The owner told him that he didn’t care, as long as he received his $400 rent. That’s how Zavriyev got his start as a real-estate property manager.

“Money is to be spent”

“I’ve always had a ‘just-do-it’ kind of attitude,” he says. “I couldn’t wait to be able to do things on my own terms and work for myself.”

Financial success to Zavriyev has always primarily meant one thing: independence. “Money is just money,” he says. “I don’t have financial aspirations, I have business aspirations, and I hope I continue to build on my success, but money is to be spent.”

He started buying more buildings and renovating them, redeveloping properties that were complicated and restoring them. It became his niche.

“I’ve been working hard, and it’s only in the past couple of years that I’ve been able to slow down a bit,” he says. “When the scenario just presented itself for me to do some good, it just made sense.”

Like an “angel from heaven”

Friendship Circle toy drive

Friendship Circle is a non-profit Jewish organization that provides support to individuals (primarily children) with special needs and their families. It’s an inclusive organization, open to all, with more than 80 regional chapters around the world.

The Montreal chapter has been in existence for 19 years, serving as a lifeline to many local families.

“This year has been such a difficult year for so many of our kids and their families,” says the local chapter’s founder, Sima Paris.

“Many of these families are single-parent homes and struggle during normal times, but it’s been a thousand times worse for them this year, because so many also lost their jobs. When Henry showed up with a truckload of these expensive toys, he was like an angel from heaven. I honestly had tears rolling down my face.”

This past weekend, the centre held a gift drive-through to distribute the toys, because of COVID restrictions.

“You should have seen the faces of these kids,” says Paris. “I didn’t even notice the cold, standing out there for hours while we handed them out. I only noticed the warmth and the joy emanating from these children and our teenage volunteers.”

Paris tells me that Zavriyev donated so many toys, they were unable to donate them all over the weekend. They are planning to deliver them directly to the homes of those who couldn’t make the drive-through this week.

“The colossal impact of a single toy,” says Zavriyev, “I can’t overstate that. When you’re a kid, it’s the best feeling in the world. And I’ve always had a soft spot for children.”

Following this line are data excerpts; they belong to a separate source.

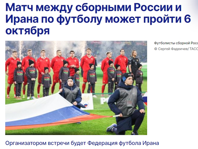 03月27日訊 俄羅斯塔斯新聞社消息,俄羅斯將于10月6日與伊朗進(jìn)行友誼賽。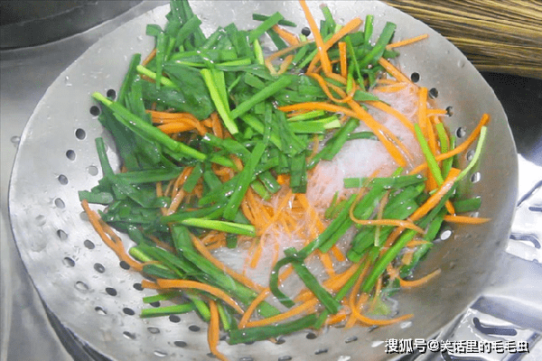,再放入韭菜和粉丝。翻一下,立即倒出。然后用凉水冲洗,以免粉丝坨在一起。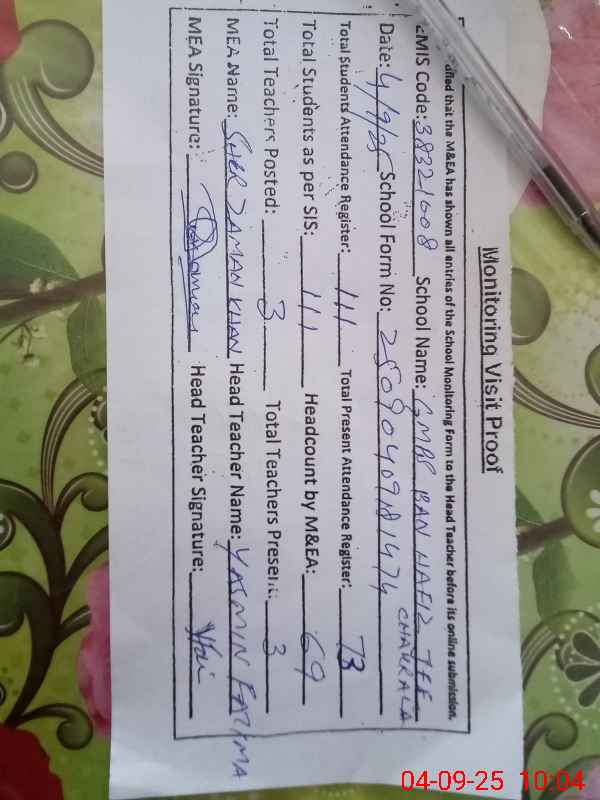| EMIS Code: 38321008 | Name of School: GMPS BAN HAFIZ JEE CHAKRALA | |||

In love with Montreal’s multiculturalism

The Montreal entrepreneur says what he loves most about the city he’s now made his home is its multicultural aspect. “Sure, I love all the usual suspects of what makes this city so great — the nightlife, the restaurants, the culture — but this city is truly a multicultural epicentre,” he says.

“The person who sold these toys to me is a Pakistani Muslim, I’m Jewish, the people who helped me load and unload the toys in the truck… one’s Algerian, another a French Quebecer, another from El Salvador. What’s amazing about Montreal is that you meet an Algerian, a Pakistani, a Jewish man and they’re all just Montrealers, all Canadian. They all love cheering for the Habs and eating at Boustan. In the States, society is so much more segregated. Canada is a country that is still so open to immigration and it’s a great place to live.”

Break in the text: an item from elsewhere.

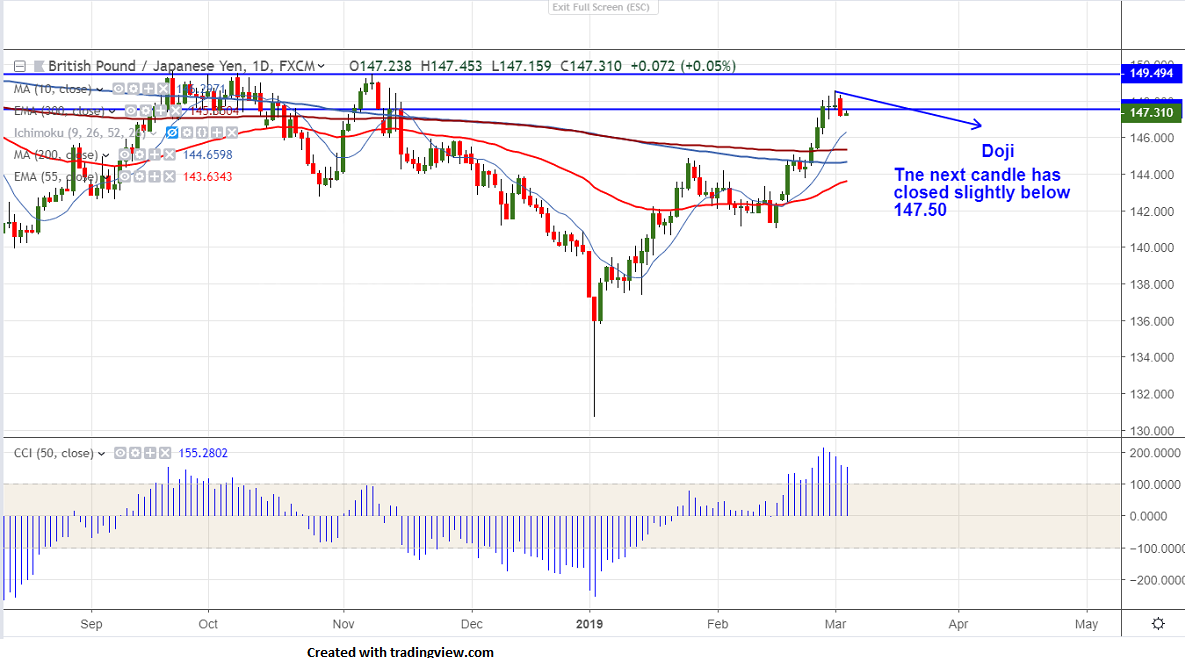 GBPJPY hits low of 147.10 and shown a minor recovery.The near term support is around 146.98 and violation below will drag the pair to next level till 146.10 (10- day MA) and has formed doji in daily chart and bearish confirmation happens only if it trades below 147.50 and any break below will drag the pair till 146.83 (23.6% fib)/146.16/145.30 (300- day EMA).

Zavriyev thinks his good deed is just a way of giving back to a city he loves. “Listen… I know a lot of people through business who are successful, and I hope they’re giving back, too. If they have the means, they should.”

Emerging from this pandemic as a better world

Paris says that, despite 2020 being such a challenging year, she feels it has motivated many to transform this world into a better one.

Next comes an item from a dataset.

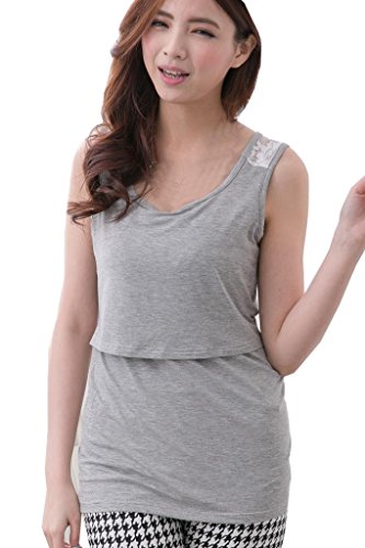 (ベア・ランド ) Bearsland 夏 ノースリーブ ラウンドネック授乳口付きマタニティトップスタンクトップ授乳服 Lグレー [並行輸入品]

“Henry’s kindness was so random and such an unexpected gift,” she says. “It couldn’t have come at a better time! But every day I work with teenagers who provide daily support to these families, even now during COVID, and they’re volunteers… they don’t even have to be here. It’s incredible to see so many people step up and give back.”

As for Zavriyev, he just shrugs all this attention off.

“I’m still pretty young, I don’t know much. Just give back if you have the means,” he says.